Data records
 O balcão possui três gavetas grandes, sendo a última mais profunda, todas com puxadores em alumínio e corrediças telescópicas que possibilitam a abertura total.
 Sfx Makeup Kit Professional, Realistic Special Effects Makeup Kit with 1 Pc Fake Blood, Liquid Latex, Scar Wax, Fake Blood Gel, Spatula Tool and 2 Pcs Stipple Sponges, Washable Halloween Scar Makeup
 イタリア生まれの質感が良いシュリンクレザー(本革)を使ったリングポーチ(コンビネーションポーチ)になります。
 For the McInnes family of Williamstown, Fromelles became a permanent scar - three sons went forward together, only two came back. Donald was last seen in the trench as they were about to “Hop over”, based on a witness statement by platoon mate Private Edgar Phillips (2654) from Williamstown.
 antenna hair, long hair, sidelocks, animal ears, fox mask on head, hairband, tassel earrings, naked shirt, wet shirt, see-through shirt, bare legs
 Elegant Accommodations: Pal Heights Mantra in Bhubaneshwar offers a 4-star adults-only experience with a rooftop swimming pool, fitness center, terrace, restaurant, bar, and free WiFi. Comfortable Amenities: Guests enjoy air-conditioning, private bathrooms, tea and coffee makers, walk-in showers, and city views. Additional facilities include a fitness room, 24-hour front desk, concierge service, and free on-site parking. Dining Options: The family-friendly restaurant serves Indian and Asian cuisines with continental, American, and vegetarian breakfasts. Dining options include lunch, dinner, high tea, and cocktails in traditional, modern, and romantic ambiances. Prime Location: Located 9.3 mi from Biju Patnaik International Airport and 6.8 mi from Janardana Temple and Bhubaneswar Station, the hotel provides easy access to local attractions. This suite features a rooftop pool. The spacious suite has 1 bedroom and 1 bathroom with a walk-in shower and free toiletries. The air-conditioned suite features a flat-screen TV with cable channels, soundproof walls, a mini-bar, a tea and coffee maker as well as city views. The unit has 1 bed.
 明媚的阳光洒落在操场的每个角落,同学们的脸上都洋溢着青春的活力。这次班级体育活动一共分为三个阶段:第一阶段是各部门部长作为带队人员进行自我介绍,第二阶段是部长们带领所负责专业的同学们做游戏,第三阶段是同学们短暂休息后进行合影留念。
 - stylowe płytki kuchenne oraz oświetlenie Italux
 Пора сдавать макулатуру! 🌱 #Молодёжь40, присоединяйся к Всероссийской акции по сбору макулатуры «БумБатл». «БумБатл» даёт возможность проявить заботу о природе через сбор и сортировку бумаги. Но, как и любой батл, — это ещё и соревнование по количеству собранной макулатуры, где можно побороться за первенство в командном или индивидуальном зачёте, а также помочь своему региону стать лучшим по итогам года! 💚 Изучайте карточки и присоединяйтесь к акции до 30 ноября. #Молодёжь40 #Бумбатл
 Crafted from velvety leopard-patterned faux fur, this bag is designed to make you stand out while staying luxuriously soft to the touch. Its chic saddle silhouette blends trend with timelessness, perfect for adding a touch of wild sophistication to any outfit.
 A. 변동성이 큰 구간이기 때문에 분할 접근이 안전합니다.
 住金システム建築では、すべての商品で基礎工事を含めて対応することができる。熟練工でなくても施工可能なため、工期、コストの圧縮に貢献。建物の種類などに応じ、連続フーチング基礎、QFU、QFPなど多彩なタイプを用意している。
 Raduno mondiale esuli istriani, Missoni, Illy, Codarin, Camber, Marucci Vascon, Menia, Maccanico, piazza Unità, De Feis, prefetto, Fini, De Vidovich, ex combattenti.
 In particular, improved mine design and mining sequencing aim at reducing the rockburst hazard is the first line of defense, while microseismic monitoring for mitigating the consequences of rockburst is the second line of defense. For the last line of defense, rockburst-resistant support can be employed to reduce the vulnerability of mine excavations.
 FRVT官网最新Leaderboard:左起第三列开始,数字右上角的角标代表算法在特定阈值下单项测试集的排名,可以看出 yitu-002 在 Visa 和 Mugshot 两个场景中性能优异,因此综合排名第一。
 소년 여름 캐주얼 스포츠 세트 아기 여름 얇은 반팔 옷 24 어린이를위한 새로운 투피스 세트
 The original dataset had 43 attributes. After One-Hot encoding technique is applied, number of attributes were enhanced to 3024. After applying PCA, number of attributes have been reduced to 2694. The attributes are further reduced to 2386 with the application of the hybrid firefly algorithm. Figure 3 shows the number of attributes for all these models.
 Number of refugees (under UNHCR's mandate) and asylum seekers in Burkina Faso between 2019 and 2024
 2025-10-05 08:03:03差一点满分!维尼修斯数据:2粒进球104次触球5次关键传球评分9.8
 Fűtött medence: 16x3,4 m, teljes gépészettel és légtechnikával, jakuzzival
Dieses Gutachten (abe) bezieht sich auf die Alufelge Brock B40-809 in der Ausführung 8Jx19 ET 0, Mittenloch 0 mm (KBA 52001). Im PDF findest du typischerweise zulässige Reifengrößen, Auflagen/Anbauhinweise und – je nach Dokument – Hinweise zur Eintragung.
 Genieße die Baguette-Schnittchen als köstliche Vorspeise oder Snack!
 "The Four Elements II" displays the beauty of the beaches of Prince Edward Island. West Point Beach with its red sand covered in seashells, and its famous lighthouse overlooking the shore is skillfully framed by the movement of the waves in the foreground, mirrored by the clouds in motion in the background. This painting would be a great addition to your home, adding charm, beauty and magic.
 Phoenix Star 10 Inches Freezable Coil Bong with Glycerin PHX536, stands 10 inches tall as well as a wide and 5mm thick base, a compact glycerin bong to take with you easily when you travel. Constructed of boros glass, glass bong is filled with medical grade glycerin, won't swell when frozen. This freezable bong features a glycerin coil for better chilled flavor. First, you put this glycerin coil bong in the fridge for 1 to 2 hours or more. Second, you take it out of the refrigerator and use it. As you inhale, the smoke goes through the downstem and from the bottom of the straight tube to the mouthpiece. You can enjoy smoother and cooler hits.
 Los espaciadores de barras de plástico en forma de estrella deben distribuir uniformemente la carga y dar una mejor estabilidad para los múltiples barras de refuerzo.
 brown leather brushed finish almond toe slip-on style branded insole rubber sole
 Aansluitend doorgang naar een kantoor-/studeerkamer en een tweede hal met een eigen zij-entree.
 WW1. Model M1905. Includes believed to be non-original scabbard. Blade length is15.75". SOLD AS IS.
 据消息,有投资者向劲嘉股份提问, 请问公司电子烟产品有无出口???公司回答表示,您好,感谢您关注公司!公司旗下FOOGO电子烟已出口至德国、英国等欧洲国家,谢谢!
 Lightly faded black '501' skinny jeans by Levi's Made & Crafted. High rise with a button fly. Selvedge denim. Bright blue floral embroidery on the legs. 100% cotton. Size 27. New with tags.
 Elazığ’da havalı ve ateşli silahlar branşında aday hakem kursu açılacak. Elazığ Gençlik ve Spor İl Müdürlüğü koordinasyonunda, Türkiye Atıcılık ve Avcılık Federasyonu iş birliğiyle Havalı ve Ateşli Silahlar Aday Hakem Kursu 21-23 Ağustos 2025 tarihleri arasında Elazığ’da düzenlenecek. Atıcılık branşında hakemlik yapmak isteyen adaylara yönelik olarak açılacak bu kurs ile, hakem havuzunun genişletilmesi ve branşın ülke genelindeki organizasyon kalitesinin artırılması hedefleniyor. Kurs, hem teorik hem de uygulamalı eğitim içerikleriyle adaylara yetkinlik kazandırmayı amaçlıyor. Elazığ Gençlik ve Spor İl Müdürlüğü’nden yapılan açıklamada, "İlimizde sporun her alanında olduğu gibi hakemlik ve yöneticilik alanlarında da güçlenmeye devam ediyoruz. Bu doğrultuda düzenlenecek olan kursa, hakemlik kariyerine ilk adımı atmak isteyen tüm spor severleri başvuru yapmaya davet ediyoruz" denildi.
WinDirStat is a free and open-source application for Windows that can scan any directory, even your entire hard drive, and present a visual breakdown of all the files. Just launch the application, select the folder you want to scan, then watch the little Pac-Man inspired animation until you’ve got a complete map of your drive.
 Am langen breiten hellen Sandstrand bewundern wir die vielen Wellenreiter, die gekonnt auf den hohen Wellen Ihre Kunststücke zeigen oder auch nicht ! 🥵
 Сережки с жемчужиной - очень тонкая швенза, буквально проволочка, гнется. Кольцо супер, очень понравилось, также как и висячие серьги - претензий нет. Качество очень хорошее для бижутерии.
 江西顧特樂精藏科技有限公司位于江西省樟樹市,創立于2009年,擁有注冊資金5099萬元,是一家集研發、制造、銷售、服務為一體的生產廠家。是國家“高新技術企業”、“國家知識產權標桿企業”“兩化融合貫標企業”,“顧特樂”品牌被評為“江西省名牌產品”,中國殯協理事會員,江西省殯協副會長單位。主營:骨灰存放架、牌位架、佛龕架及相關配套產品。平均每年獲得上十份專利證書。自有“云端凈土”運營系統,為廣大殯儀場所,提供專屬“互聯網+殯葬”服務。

:: BRIEF ::
Of the entries above, repeat exactly the lines from the line with "A. 변동성이 큰 구간이기 때문에 분할 접근이 안전합니다." through the line with "Number of refugees", both of them included.

:: EXERCISE OUTPUT ::
 A. 변동성이 큰 구간이기 때문에 분할 접근이 안전합니다.
 住金システム建築では、すべての商品で基礎工事を含めて対応することができる。熟練工でなくても施工可能なため、工期、コストの圧縮に貢献。建物の種類などに応じ、連続フーチング基礎、QFU、QFPなど多彩なタイプを用意している。
 Raduno mondiale esuli istriani, Missoni, Illy, Codarin, Camber, Marucci Vascon, Menia, Maccanico, piazza Unità, De Feis, prefetto, Fini, De Vidovich, ex combattenti.
 In particular, improved mine design and mining sequencing aim at reducing the rockburst hazard is the first line of defense, while microseismic monitoring for mitigating the consequences of rockburst is the second line of defense. For the last line of defense, rockburst-resistant support can be employed to reduce the vulnerability of mine excavations.
 FRVT官网最新Leaderboard:左起第三列开始,数字右上角的角标代表算法在特定阈值下单项测试集的排名,可以看出 yitu-002 在 Visa 和 Mugshot 两个场景中性能优异,因此综合排名第一。
 소년 여름 캐주얼 스포츠 세트 아기 여름 얇은 반팔 옷 24 어린이를위한 새로운 투피스 세트
 The original dataset had 43 attributes. After One-Hot encoding technique is applied, number of attributes were enhanced to 3024. After applying PCA, number of attributes have been reduced to 2694. The attributes are further reduced to 2386 with the application of the hybrid firefly algorithm. Figure 3 shows the number of attributes for all these models.
 Number of refugees (under UNHCR's mandate) and asylum seekers in Burkina Faso between 2019 and 2024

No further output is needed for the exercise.